● **HOW TO COMPLETE THIS TASK**: Output the lines from the top of the entries below to the line with "I had a couple", both included, exactly and without pictures.

Stored items
>>>>

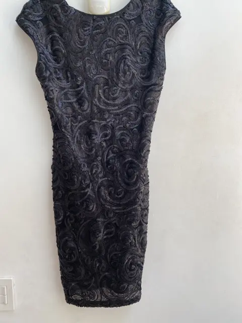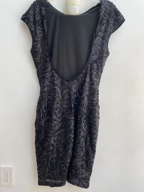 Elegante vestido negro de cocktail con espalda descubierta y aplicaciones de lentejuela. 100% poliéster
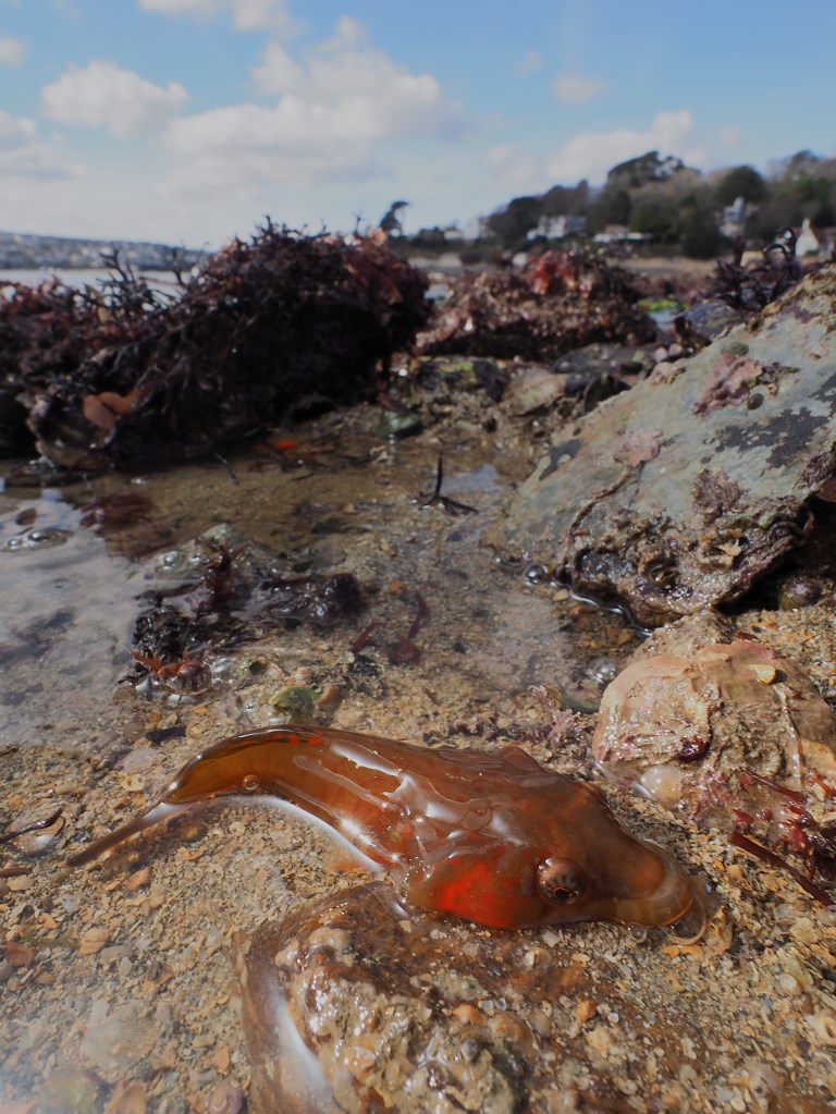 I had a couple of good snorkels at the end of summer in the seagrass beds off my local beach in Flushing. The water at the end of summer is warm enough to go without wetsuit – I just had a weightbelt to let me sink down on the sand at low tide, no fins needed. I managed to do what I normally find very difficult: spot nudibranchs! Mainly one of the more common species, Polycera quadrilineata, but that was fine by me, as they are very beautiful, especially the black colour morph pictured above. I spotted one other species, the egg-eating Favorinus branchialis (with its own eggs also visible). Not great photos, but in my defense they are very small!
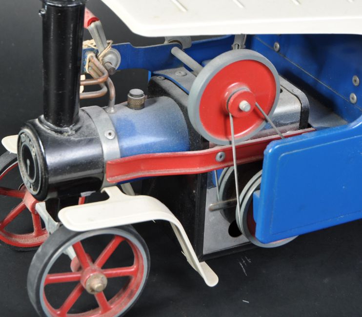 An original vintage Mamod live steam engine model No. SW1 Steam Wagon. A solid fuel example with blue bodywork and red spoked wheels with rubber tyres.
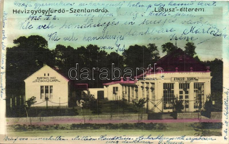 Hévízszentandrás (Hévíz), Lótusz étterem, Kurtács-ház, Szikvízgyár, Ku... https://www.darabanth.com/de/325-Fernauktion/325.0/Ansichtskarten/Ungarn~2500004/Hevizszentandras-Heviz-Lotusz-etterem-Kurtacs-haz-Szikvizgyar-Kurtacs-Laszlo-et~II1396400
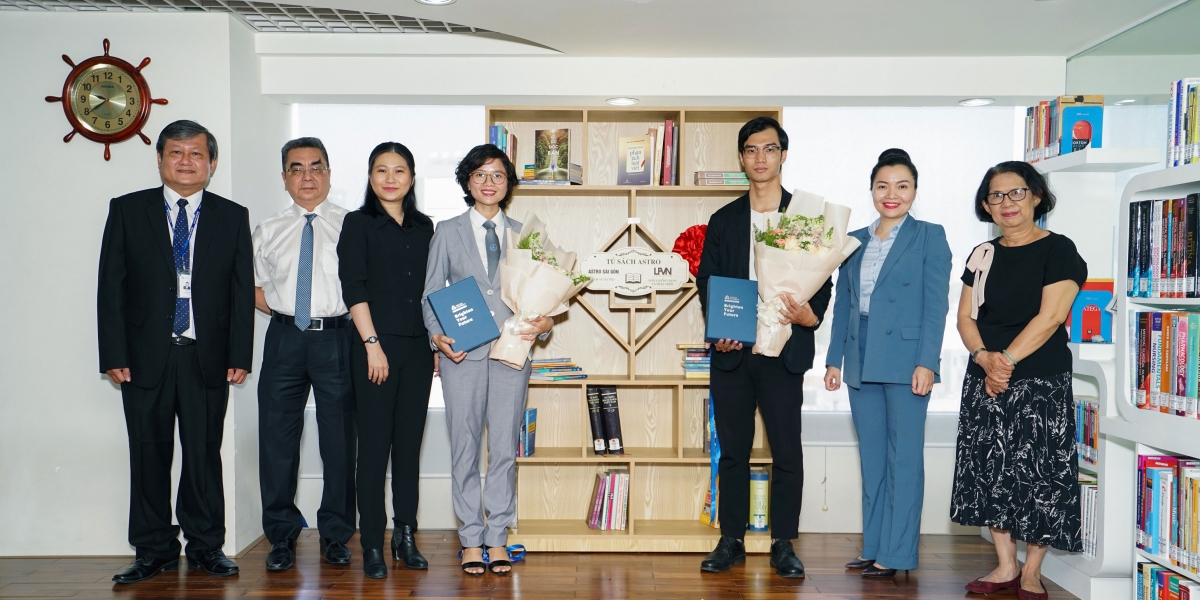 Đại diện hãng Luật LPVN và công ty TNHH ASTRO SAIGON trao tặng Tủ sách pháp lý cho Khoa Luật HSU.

<<<<

● **RESULT OF THIS TASK**:
 Elegante vestido negro de cocktail con espalda descubierta y aplicaciones de lentejuela. 100% poliéster
 I had a couple of good snorkels at the end of summer in the seagrass beds off my local beach in Flushing. The water at the end of summer is warm enough to go without wetsuit – I just had a weightbelt to let me sink down on the sand at low tide, no fins needed. I managed to do what I normally find very difficult: spot nudibranchs! Mainly one of the more common species, Polycera quadrilineata, but that was fine by me, as they are very beautiful, especially the black colour morph pictured above. I spotted one other species, the egg-eating Favorinus branchialis (with its own eggs also visible). Not great photos, but in my defense they are very small!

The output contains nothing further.